The Final Curtain Call? Not Quite Yet New Standard of Review for Willfulness
Sunday, July 8, 2012

In the panel decision of the U.S. Court of Appeals for the Federal Circuit in February 2012, in the case of Bard Peripheral Vascular v. W. L. Gore & Assoc.  (IP Update, Vol. 2, No. 15), the panel majority heralded the decision as marking the “final curtain of the saga.”  It has now proven to be merely an intermission.  As a result of a panel rehearing, the curtain has now risen on a new chapter of the saga dealing with the issue of the standard of review that applies to the issue of willfulness under In re Seagate (IP Update, Vol. 10, No. 8).  Bard Peripheral Vascular  v. W. L. Gore & Assoc., Case No. 10-1510 (Fed. Cir., June 14, 2012) (Gajarsa, J.) (Newman, J., concurring in the vacatur; dissenting from the remand).  In voicing her dissent from the majority remand, Judge Newman insists that given the new standard of review announced in the opinion, no remand is needed to resolve the willfulness issue. 

In the initial panel decision, the willfulness issue centered on whether Bard established “by clear and convincing evidence that [Gore] acted despite an objectively high likelihood that its actions constituted infringement of a valid patent” and that this objectively defined risk … was either known or so obvious that it should have been known to [Bard]” under Seagate.

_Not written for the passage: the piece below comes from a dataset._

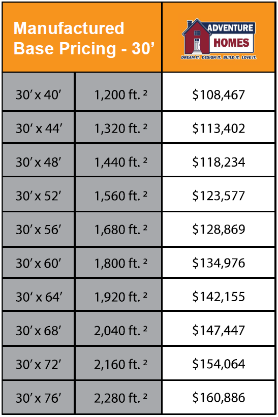 Here you have our base pricing tables where we combine the size and the factory choice to come up with a base price. We use these as starting points in the home pricing process. These are only one of many variables needed to calculate the cost of your home. This is where we factor in such things as sales tax, delivery costs, etc.

The majority (in the initial panel decision) pointed to the 18-year-long interference between Cooper (Bard’s inventor) and Goldfarb (Gore’s punitive inventor) and the result of that interference as an indication that Gore’s actions were culpable under the above objectively defined risk portion of the Seagate standard.  The majority further concluded that the opinion of Gore’s counsel, introduced on the issue of willfulness and authored by Gore’s interference counsel’s law firm, “was not based on an objective perspective” and that the district court correctly “viewed the objectivity of the opinion as questionable.”  Thus, the applying the “substantial evidence” test, the majority concluded that substantial evidence had been presented to the jury to support “the finding that Gore knew or should have known of the objectivity high likelihood that its grafts infringed the … patent.”  On that basis, the district court’s willfulness finding was affirmed.

In its new decision, the panel (unanimously) noted that even though many post-Seagate Court decisions generally characterize willfulness as a fact question (and therefore subject to the substantial evidence test in appeals from jury verdicts), “our opinions have begun to recognize that the issues are more complex” and that the characterization of willfulness as a fact issue “oversimplifies” it.  Now, in its decision on reconsideration, the panel explained that “[w]hile the ultimate question of willfulness based on an assessment of the second prong [i.e., that the risk was known or obvious] of Seagate may be a question of fact, Seagate also requires a threshold determination of objective recklessness.  That determination entails an objective assessment of potential defenses based on the risk presented by the patent.  Those defenses may include questions of infringement but also can be expected in almost every case to entail questions of validity that are not necessarily dependent of the factual circumstances of the particular party accused of infringement.” 

Thus, on panel rehearing, the unanimous panel holding is “that the objective determination of recklessness, even though predicated on underlying mixed questions of law and fact, is best decided by the judge as a question of law subject to de novo review.”  Consistent with its holding, the Court explains that trial courts, “[i]n considering the objective prong of Seagate, … may, when the defense is a question of fact or a mixed question of law and fact, allow the jury to determine the underlying facts relevant to the defense in the first instance, for example, the questions of anticipation or obviousness.  But, consistent with this court’s holding today, the ultimate legal question of whether a reasonable person would have considered there to be a high likelihood of infringement of a valid patent should always be decided as a matter of law by the judge.”  Finally, the panel remanded the case to the trial court to “apply the correct standard to the question of willfulness in the first instance.” 

Although Judge Newman joined in the vacatur of portions the panel decision “to correct its ruling on the subject of willful infringement,” she dissented from the remand.  Judge Newman noted that applying the correct standard “it seems clear that remand is unnecessary” and that, based on the record, “it is apparent that willful infringement is not supportable.”

Practice Note:  In terms of appellate review, the issue of objective willfulness will now take its place in a similar posture as other mixed questions of law and fact such as obviousness.  Observers will closely watch the de novo review standard as it is applied to the ultimate legal question of willfulness in future Federal Circuit for trends as to whether this new standard of review favors patentee or accused infringers.